Table S1 presents GEE models for each frailty criterion as a function of NVI, DVI, and VI (near or distant) over 18 years of follow up among non-frail Mexican American older adults at baseline. Participants with NVI, DVI, or VI had greater odds of low physical activity (OR=1.94, 95% CI 1.23–3.06; OR=2.02, 95% CI 1.57–2.61; and OR=2.03, 95% CI 1.60–2.59, respectively) over time, controlling for all covariates. Those with VI had greater odds of weakness (OR=1.29, 95% CI 1.01–1.65) and those with DVI and VI had greater odds of exhaustion (OR=1.46, 95% CI 1.07–1.99 and OR=1.48, 95% CI 1.10–2.00, respectively) over time, controlling for all covariates.

DISCUSSION

The purpose of this study was to examine the longitudinal relationship between VI and frailty over 18 years of follow up among non-frail Mexican American older adults at baseline and whether NVI or DVI (when analyzed separately) drove the relationship between VI and frailty. We found DVI and VI (NVI or DVI) were associated with frailty over time. In our study, NVI was not associated with frailty. When we examined the relationship between VI and each frailty criteria, we found VI associated with low physical activity, weakness, and exhaustion.

Some mechanisms may explain the relationship between VI and frailty. For example, VI increases the risk for low physical activity and low participation in activities of daily living, which can subsequently lead to weakness and exhaustion (Lam et al., 2013; Ong et al., 2018; Swenor et al., 2015; Welch et al., 2021). VI can also increase social isolation, which increases the risk of sedentary lifestyle and depression, which can in turn also precipitate weakness and exhaustion (Coyle et al., 2017; Tetteh et al., 2020). The negative effect of VI — on physical and cognitive function as well as on social (loneliness, decreased social engagement) and psychological (depression, anxiety) factors — leads to frailty, disability, comorbidity, and mortality (Swenor, Lee, Varadaraj, et al., 2020). VI also increases the risk of hospitalization, which is itself a risk factor for frailty (Morse et al., 2019) (Chang et al., 2018). Interventions to increase access to timely eye care among Mexican American older adults can have myriad downstream health benefits, given the well-described cardiovascular, metabolic, neurological, and psychiatric consequences of physical inactivity. In addition, Mexican Americans have known barriers to health care access related to culture and communication (Pew Research Center, 2022). Eye care diagnosis and treatment interventions from health care professionals should be adapted to decrease barriers, such as the use of a medical interpreter being standard across health care delivery systems (Hamm et al., 2021). Furthermore, individuals with language barriers are less likely to use preventative services, which may cause a delay in diagnoses of comorbidities that lead to VI (Hall et al., 2022). Additional supports for navigating the health care system may be needed to obtain appropriate vision care, such as which vision provider is most appropriate to visit (ophthalmologist vs. optometrist), identification of options for vision funding sources (insurance, underinsured, and no insurance), or assistance determining if reading glasses obtained from a local drug store are sufficient to correct current vision difficulties.

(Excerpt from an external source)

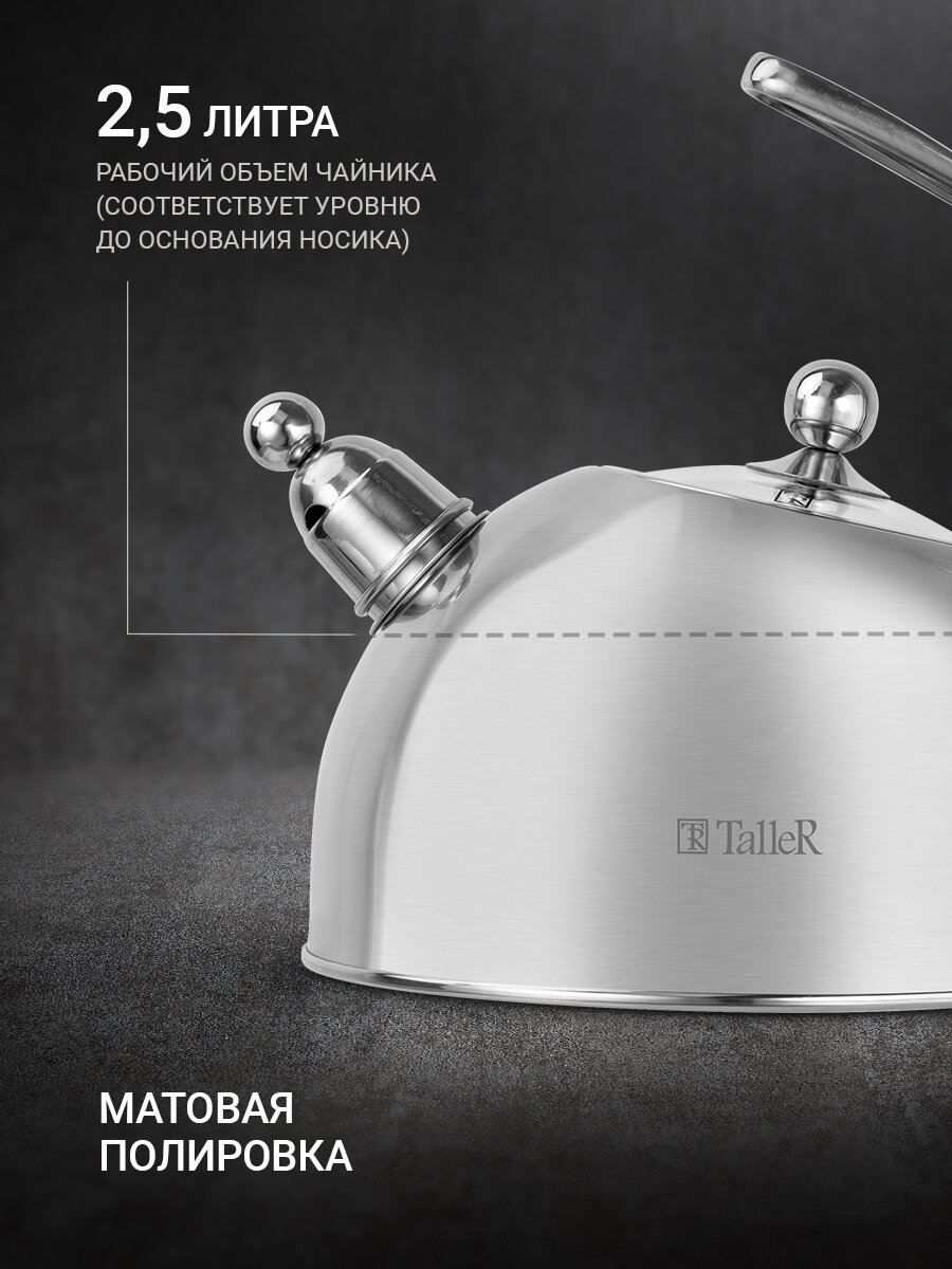 Чайник для всех типов плит TalleR TR-11374 Инесс 2.5 л, со свистком интересное:

The findings of this study are similar to those found in the longitudinal study of the WHAS, the ELSA, the National Health and Aging Trends Study, and the Toledo Study for Healthy Aging, all of which found that older adults with VI had greater odds of developing frailty (Gonzales-Turín et al., 2021; Hou et al., 2022; Liljas et al., 2017; Swenor, Lee, Tian, et al., 2020). Participants who were overweight had lower odds of frailty, although prior research has shown overweight to be associated with frailty (Rutherford et al., 2022; Strandberg et al., 2012; Yuan et al., 2021). In addition, hypertension was associated with greater odds of frailty in previous studies (Vetrano et al., 2018); however, in this study, participants who reported hypertension had lower odds of frailty.

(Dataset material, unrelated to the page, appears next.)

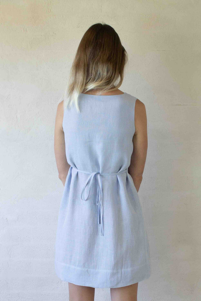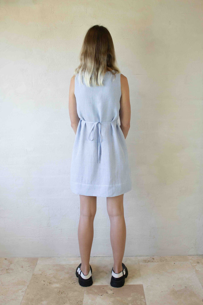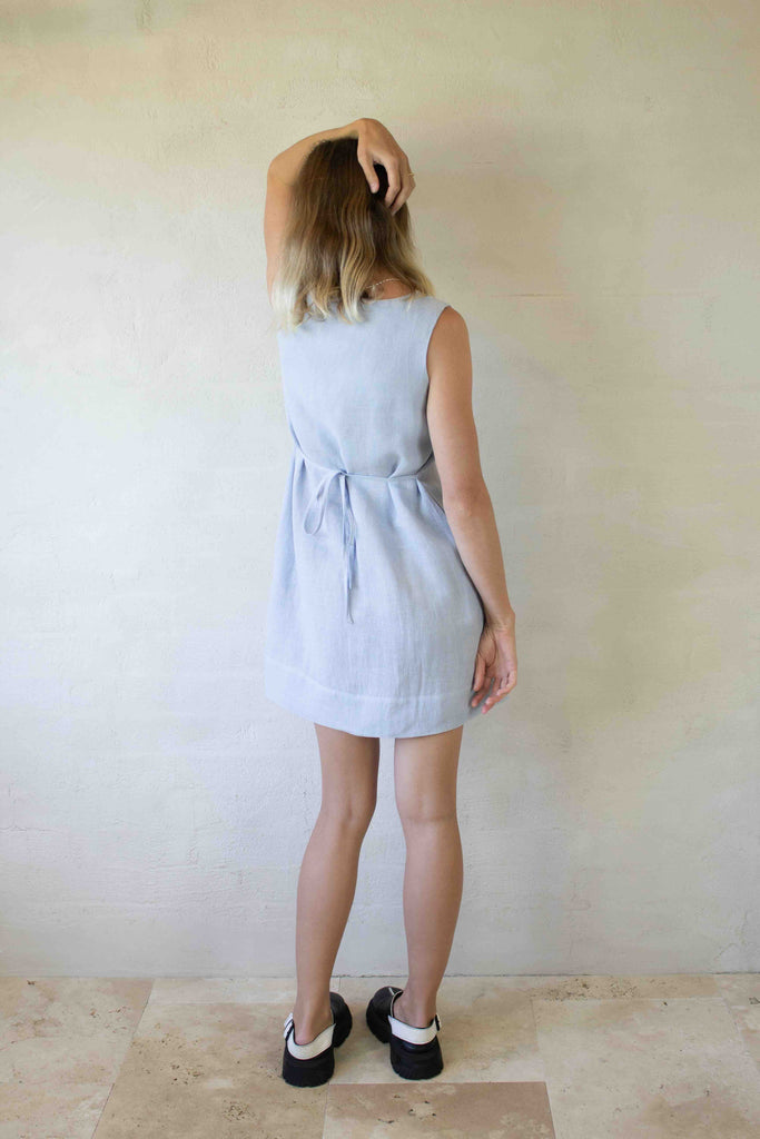 Poppy Dress - Linen Mini Dress in Pale Blue

This study is unique because it is the first known study to analyze types of VI (near or distant) separately to determine if there were differences between vision impairment type and frailty criteria over time. All types of VI (near, distant, any) had the highest association with low physical activity frailty criteria when compared to other frailty criteria. Thus, addressing VI in older Mexican Americans may increase physical activity among this population.

The present study has some limitations. First, VI was a self-reported measure and was not objectively measured using vision assessments, such as the commonly used Snellen visual acuity chart. However, self-reported VI has previously demonstrated a significant association with objectively measured VI (Zimdars et al., 2012). Second, the exclusion of participants at baseline may have underestimated the relationship between VI and frailty. Third, generalizability of the study is limited to Mexican American older adults living in the geographic region of the Southwestern US (Arizona, California, Colorado, New Mexico, and Texas). Fourth, due to longitudinal follow up over 18 years of time, attrition from loss to follow up or death occurred. However, the most appropriate statistical method of GEE modeling was used to account for this attrition limitation. There are many strengths of this study. First, our study is unique in that it included a long follow up over 18 years, using as time varying all available data on VI, socio-demographics, comorbidities, BMI, and frailty. Second, this study captured results for both self-reported NVI and DVI separately, making this study unique when compared to other longitudinal surveys which uses one definition for both NVI and DVI.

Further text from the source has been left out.